The U.S. Department of Labor says Iowa’s child labor bill may violate federal law.
The bill would allow minors to work more hours a day and allow them to work later. Under current Iowa law, children under 16 must stop working at 7 p.m. If the bill is signed into law, children under 16 would be able to work until 9 p.m. during the school year and 11 p.m. in the summer. The bill would also allow minors to work six hours on a school day.
On March 14, Iowa Senate Democrats sent a letter to the U.S. Department of Labor, requesting a review of the provisions.
On May 10, the Department of Labor responded in a letter, stating, in part, “the proposed Iowa legislation appears to be inconsistent with federal child labor law in several respects.”
The letter also states that the Department of Labor is conducting child labor investigations in Iowa.
The Department of Labor found the following areas of conflict:
- Iowa’s bill would allow 14- and 15-year-olds to “perform light assembly work,” which is not “specifically permitted” in federal law.
- Iowa’s bill would allow 14- and 15-year-olds to “perform non-incidental work in meat freezers,” which is “explicitly prohibited” by federal law.
- Iowa’s bill would allow 14- and 15-year-olds to work both longer hours later into the day, which is in violation of federal law. Under federal law, 14- and 15-year-olds can only work between 7 a.m. and 7 p.m. during the school year. They may only work from 7 a.m. to 9 p.m. during the summer. They may not work over three hours on a school day.

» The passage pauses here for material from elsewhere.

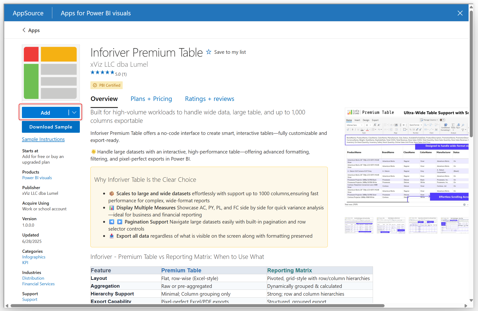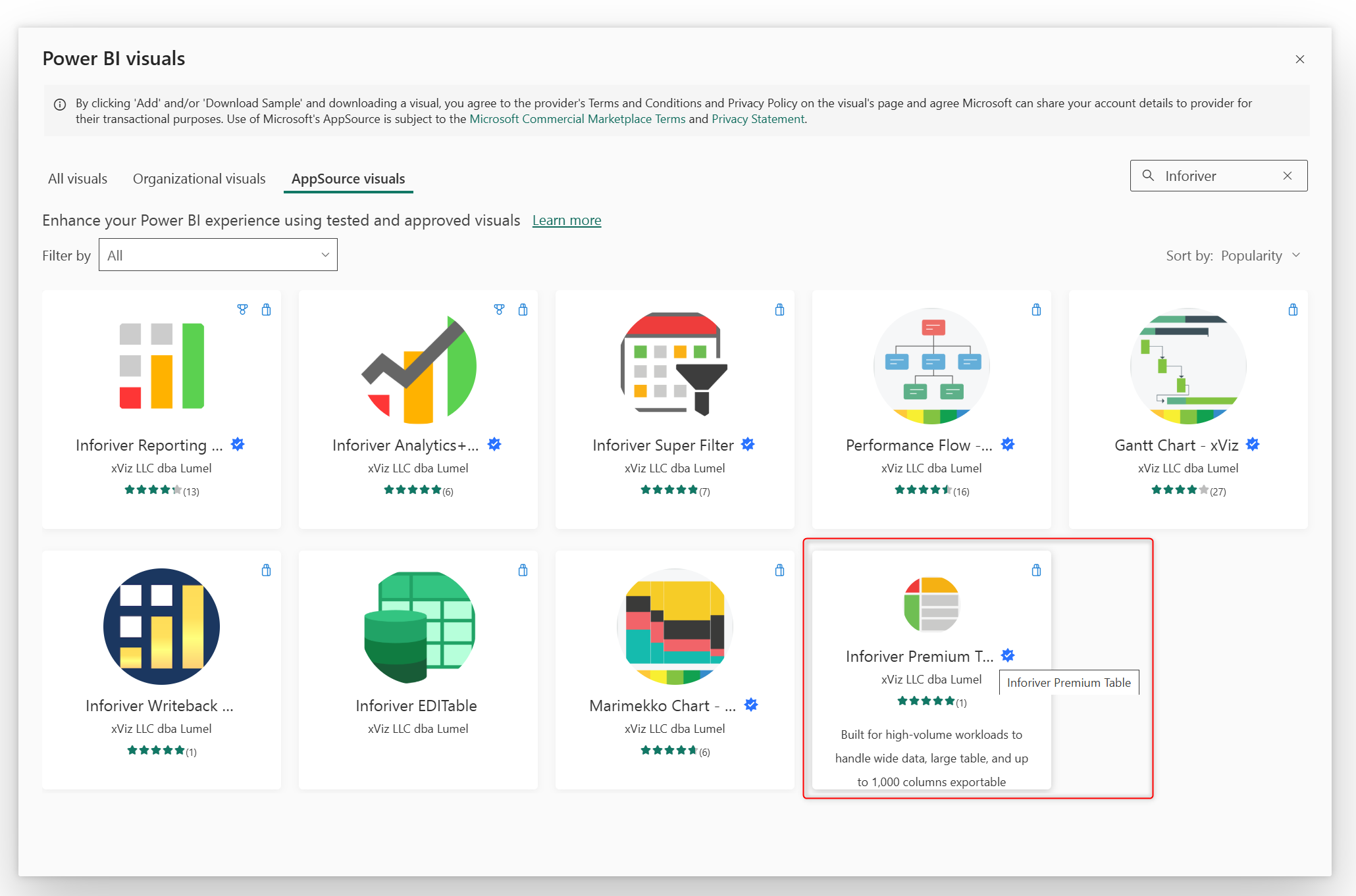 2. Navigate to the **AppSource visuals** tab and type 'Inforiver' in the search box. Select **Inforiver Premium Table**.

“This letter confirms what we’ve argued since this debate began: in the rush to expand child labor in Iowa, Republican legislators will be inviting businesses to break federal law,” Democratic state Sen. Nate Boulton, of Des Moines, said in a news release. “Protections against unsafe and exploitative child labor are there for a reason, and failed measures to address Iowa’s workforce crisis is no excuse to undermine those safeguards.”